▶ Your objective: Print all the data that follows exactly, images excluded.
*** Opening of Dataset content ***
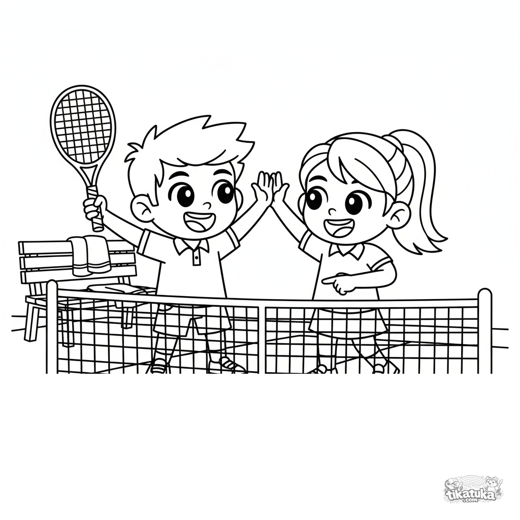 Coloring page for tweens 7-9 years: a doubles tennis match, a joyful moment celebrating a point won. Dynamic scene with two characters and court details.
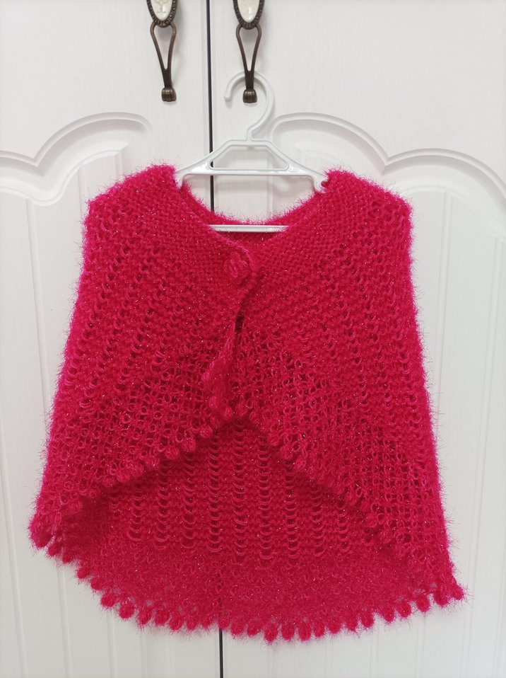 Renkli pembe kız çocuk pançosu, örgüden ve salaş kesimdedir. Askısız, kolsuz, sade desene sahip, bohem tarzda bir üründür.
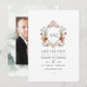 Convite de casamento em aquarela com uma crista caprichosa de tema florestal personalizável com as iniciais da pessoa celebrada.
*** Close of Dataset content ***
▶ Answer to this problem:
 Coloring page for tweens 7-9 years: a doubles tennis match, a joyful moment celebrating a point won. Dynamic scene with two characters and court details.
 Renkli pembe kız çocuk pançosu, örgüden ve salaş kesimdedir. Askısız, kolsuz, sade desene sahip, bohem tarzda bir üründür.
 Convite de casamento em aquarela com uma crista caprichosa de tema florestal personalizável com as iniciais da pessoa celebrada.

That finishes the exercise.